4. Increasing Professionalization of Small and Mid-Sized Nonprofits
Successful small and mid-sized nonprofits are learning tricks from universities and other philanthropic behemoths by investing more time and resources in technology and development. Increasingly development directors of these nonprofits, including synagogues, are experienced professionals who are trained in the theories and practices of fundraising. In many of these modest nonprofits, we are seeing improved communications to various donor segments, with technology and social media being used in effective and strategic ways. To be sure, this doesn’t hold true for everyone and many Jewish organizations have some catching up to do regarding the professionalization of their development programs. The improvement we are seeing is encouraging news. But it also means increased competition and the smallest fish will have to fight even harder to stay in the pond.

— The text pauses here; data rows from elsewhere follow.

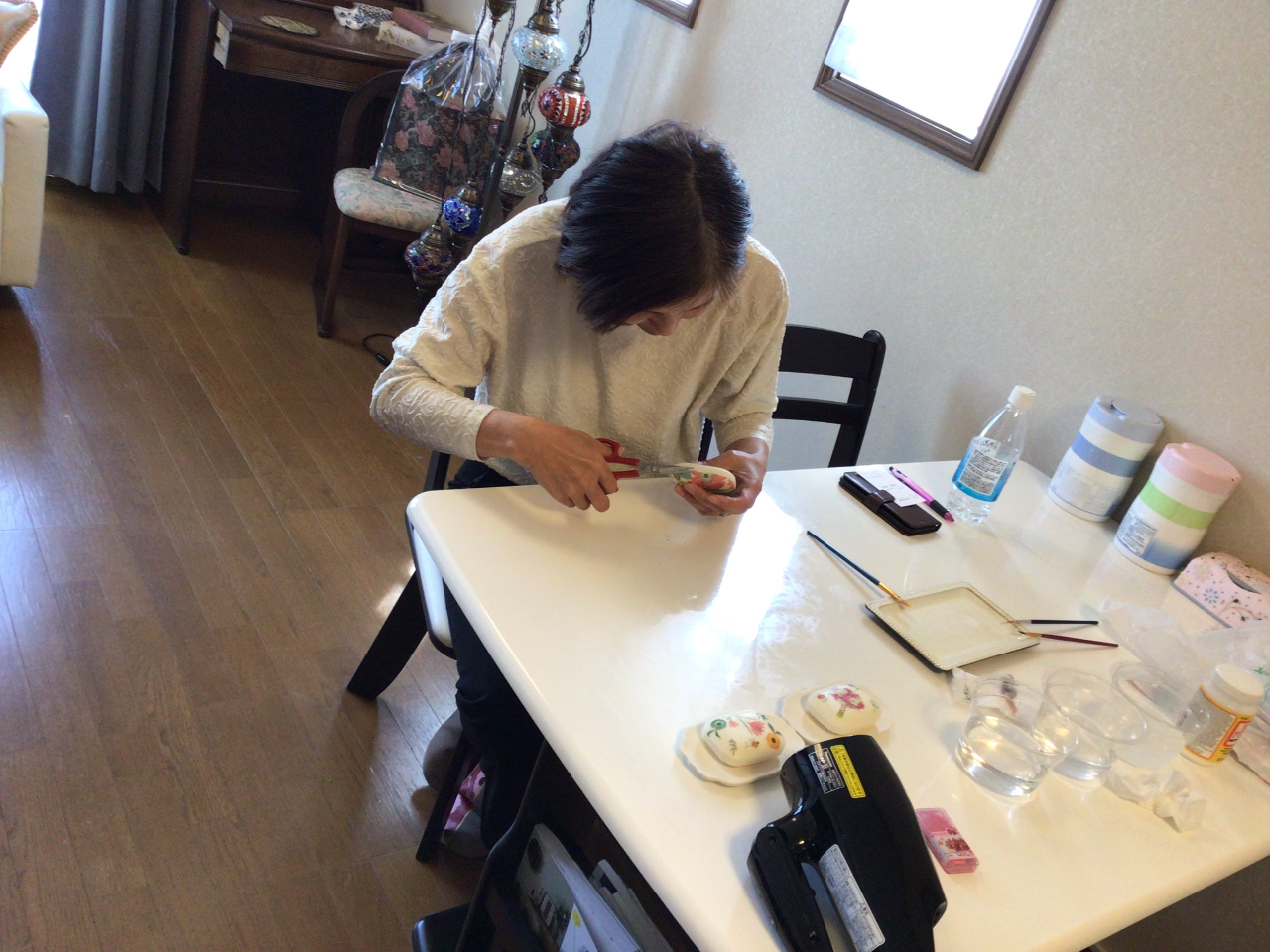 お部屋には先生の作られたキャンドルやペーパーデコパージュの作品、トルコランプなんかも並んでおりハンドメイド・インテリア好きには堪らない空間でした!
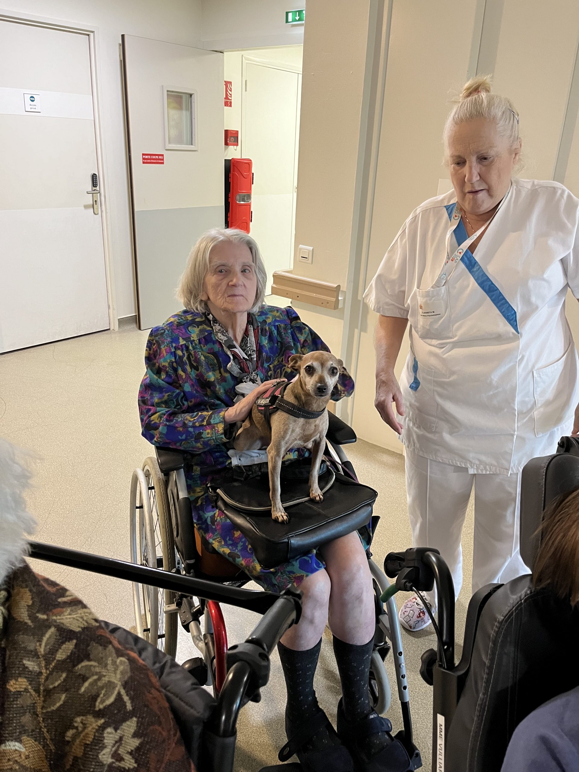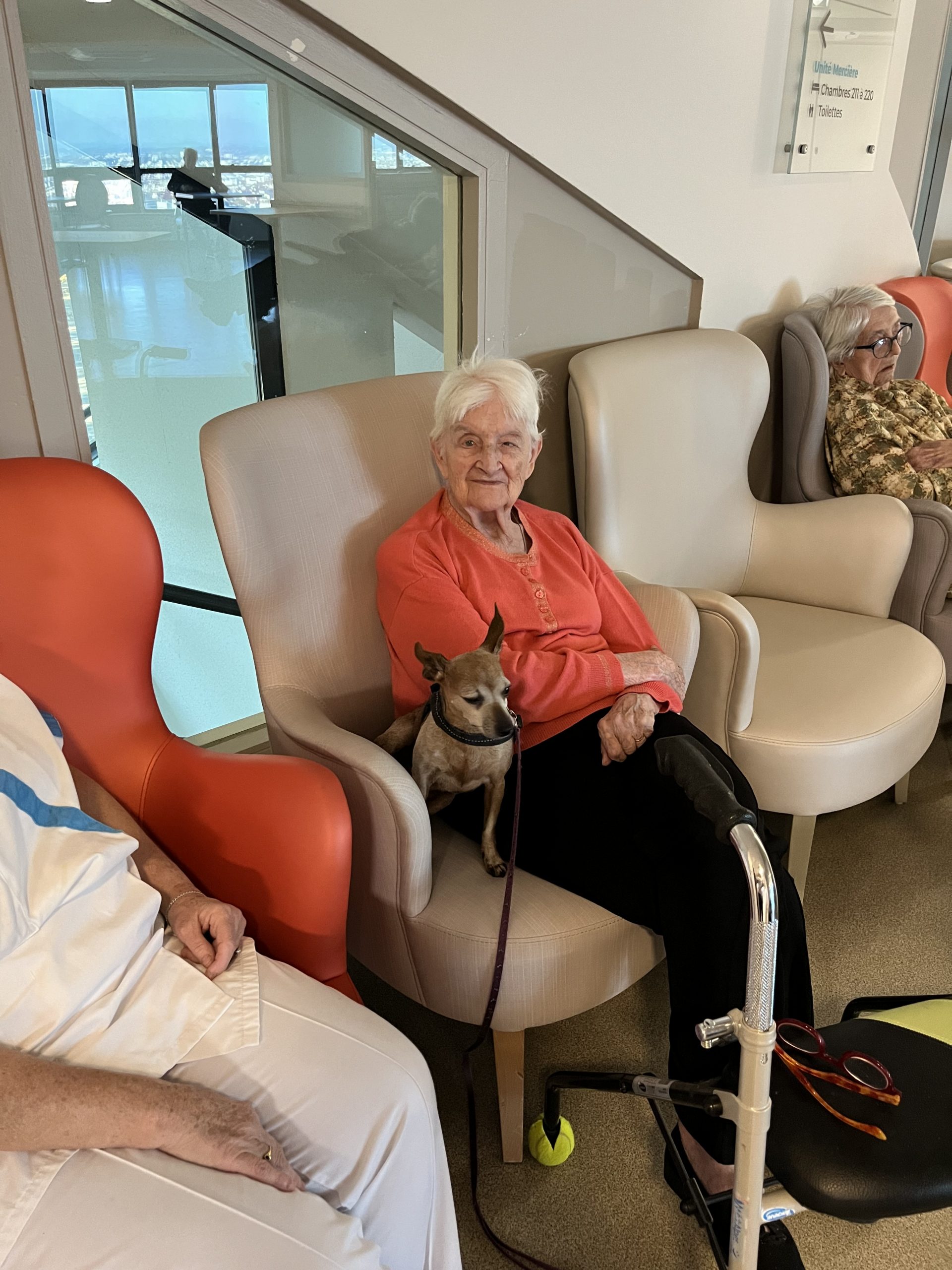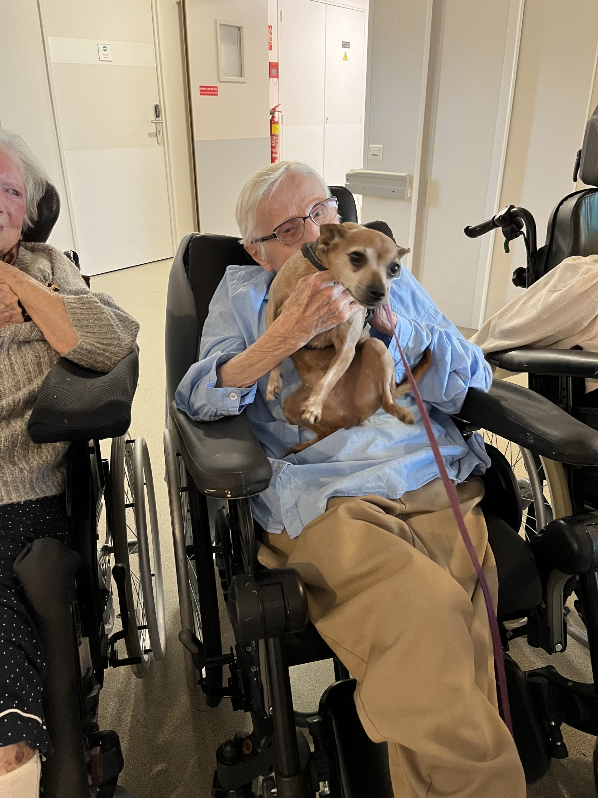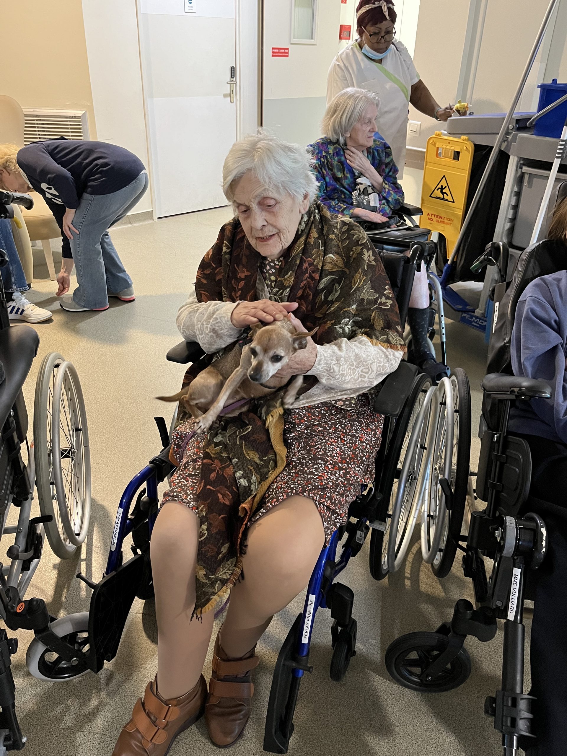 Elisabeth amène sa chienne Biscotte un jeudi par mois. Les résidents sont contents de la revoir à chaque fois et profitent de ces moments apaisant pour caresser le petit animal. Elisabeth passe dans chaque étage pour échanger et passer un moment avec les résidents qui le souhaitent puis fini la journée au salon Confluence pour en faire profiter aux familles et résidents présents.
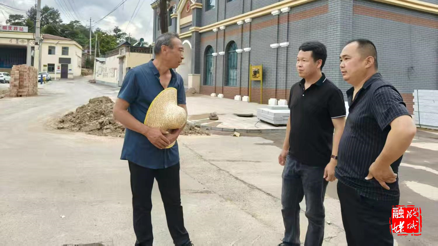 ★6月5日,辛安泉镇相关负责人在石梁村实地查看主街道改造提升工程施工进展。
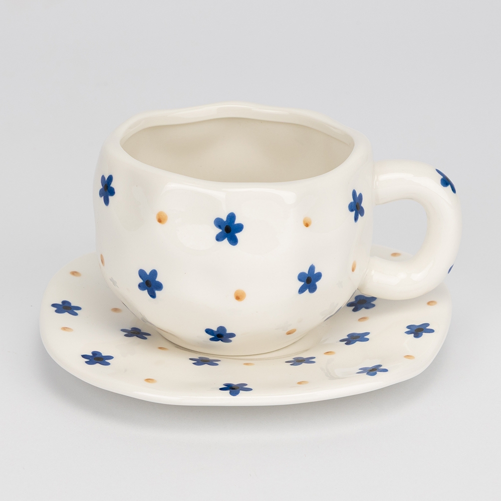 Діаметр тарілки – 15 см, об’єм чашки – 350 мл. Керамічна чашка з блюдцем з ніжним розписом створена вручну майстром. Кожна деталь — від форми до малюнка — дарує відчуття тепла й домашнього затишку. Завдяки оригінальному дизайну така чашка стане прикрасою святкового столу, стильним акцентом у кав’ярні чи ресторані, а також чудовим подарунком для близьких. Вона поєднує практичність і естетику, створюючи особливу атмосферу кожної трапези.

I expect to see other big changes to the Jewish community and how it operates. As we collectively search for ways to build institutions that suit the needs of the 21st century and create opportunities for meaningful engagement, it is encouraging to know that donors are willing to support our nonprofits in their efforts. However, while the challenges may not be as steep as the years of the recessions, challenges still persist. Let us embrace the challenges and build a better Jewish world – one gift at a time. I expect 2015 to be a seminal year for change in the nonprofit world.
Robert Evans, President of the Evans Consulting Group in suburban Philadelphia has more than 35 years of experience advising nonprofits on fundraising campaigns and strategic planning. A member of the Giving USA editorial review board and a board member of the Giving Institute, Mr. Evans is frequently quoted in media outlets such as The New York Times and is a regular contributor to eJewishPhilanthropy.com.